We’ve all been in a “the customer is always right” type of situation. Whether you were the customer and something went wrong, or you were the very frustrated business owner, a power play came to light. The thing about customers, however, is that they’re very often wrong. Especially the ones who are most demanding. They’re obnoxious, expectant, and assume that every single whim should be taken care of … no matter how lofty.
Yet there’s still this little rule that excuses them. It says patrons can do no wrong. A rule that’s been fueling tantrums for years.
As the business owner, how do you handle such situations? Immediacy tells us to take care of it right then and there. Hang up the phone. Throw them out of the building. Or ban their business forever. To react in the very way your customer has done, and by fighting fire with fire – in level of rage, and with impending results.
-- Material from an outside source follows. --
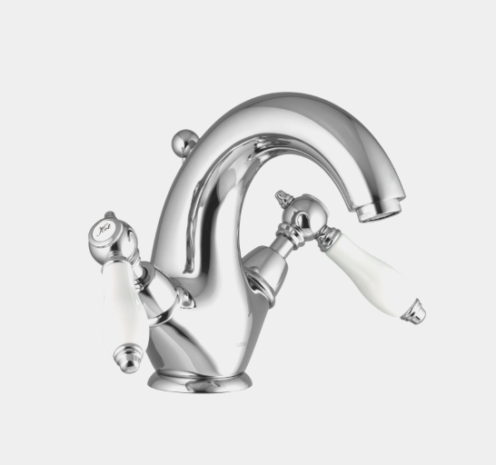 Смеситель для раковины, Fima Carlo Frattini, Herend, тип открывания воды-вентильный, тип регулирования воды-керамическая кран-букса, монтаж-на раковину/столешницу, отверстия для монтажа-1, высота, мм-169.5, вынос излива, мм-132, тип излива-неподвижный, материал ручки-керамика, цвет ручки-белый, донный клапан-есть, 1"1/4, в комплекте с двумя гибкими шлангами, тип подводки-гибкая, цвет-античная бронза Смеситель для раковины, Fima Carlo Frattini, Herend, цвет-античная бронза/белый

When taking time to evaluate the situation, however, it becomes clear that this is a reaction that will hurt, not help. It will make you, the business owner, lose out on customers and monetary gain, it will make you look bad to others, and in all honesty, it won’t make you feel nearly as good as you’d think. (Trust us, we’ve heard from plenty of “we had to stand up for ourselves” type of professionals.) Which is why, instead, these difficult customers must be treated with respect. No matter how impossible that might seem at the time. You never know who they might know, or who will see the interaction and be impressed, rather than horrified by a bout of daily drama – that was escalated by a local business owner.
To Play Well:
Get a Game Face
Of course it’s hoped that such interactions won’t happen often. (Or at all.) But if/when it does happen, it’s important to know how to react. To stay calm and actually listen to what the customer is saying – even if they’re saying it loudly, or are talking logic that makes no sense. Smile politely and make the necessary comments to show pleas are being heard, and you’re doing your best to accommodate their needs.
Follow Up
If at all possible, actually take the steps to right a “wrong.” The most difficult of them all will be asking for something that inevitably can’t be done. But that doesn’t mean a gift card or note of thanks won’t break some serious ground. Of course, reasoning should always be explained, too; even if they still aren’t happy you’ll fully know all angles were approached with this hard-to-please shopper.
Take Notes
As soon as a situation gets heated, it’s a good idea to start keeping a record of events. This can be a notebook or a computer file, so long as details are included. That way, should something escalate, you can show when conversations took place, what was said, and what was done to try and resolve said issue. Saving emails or phone records can also help further your case.
Should something get especially dicey, it’s best to contact your lawyer about what should/shouldn’t be said. They’ll also be likely to limit interaction and keep their own records of when and what each conversation entailed.
Let the Anger Out
It helps, we swear. Even if you can’t react the way you want to, to the person you want to. Every little bit of venting can collectively cool your jets. Write a nasty email (in a Word document, lest it get accidentally sent to the deserving party … or anyone). Call up a trusted friend or your significant other and rant, without mentioning names or specifics. Or simply expend some energy and let the body eliminate its tension through exercise and burned calories. Each of the above (or your own special preference) will leave you less stressed and more equipped to deal with those who are unwilling to compromise.
Take Steps to Communicate
In some cases, folks are just downright impossible. No matter what you do or may have done, they just won’t be happy. It’s not a situation that’s ideal, but one that still happens. In other cases, however, a change here or there may have helped to seriously diffuse a sour deal. Work on locating those adjustments and incorporating them into everyday business. Simply by communicating with others – letting them know what’s available, or asking how something could have been made better – you can create a happier experience for all involved.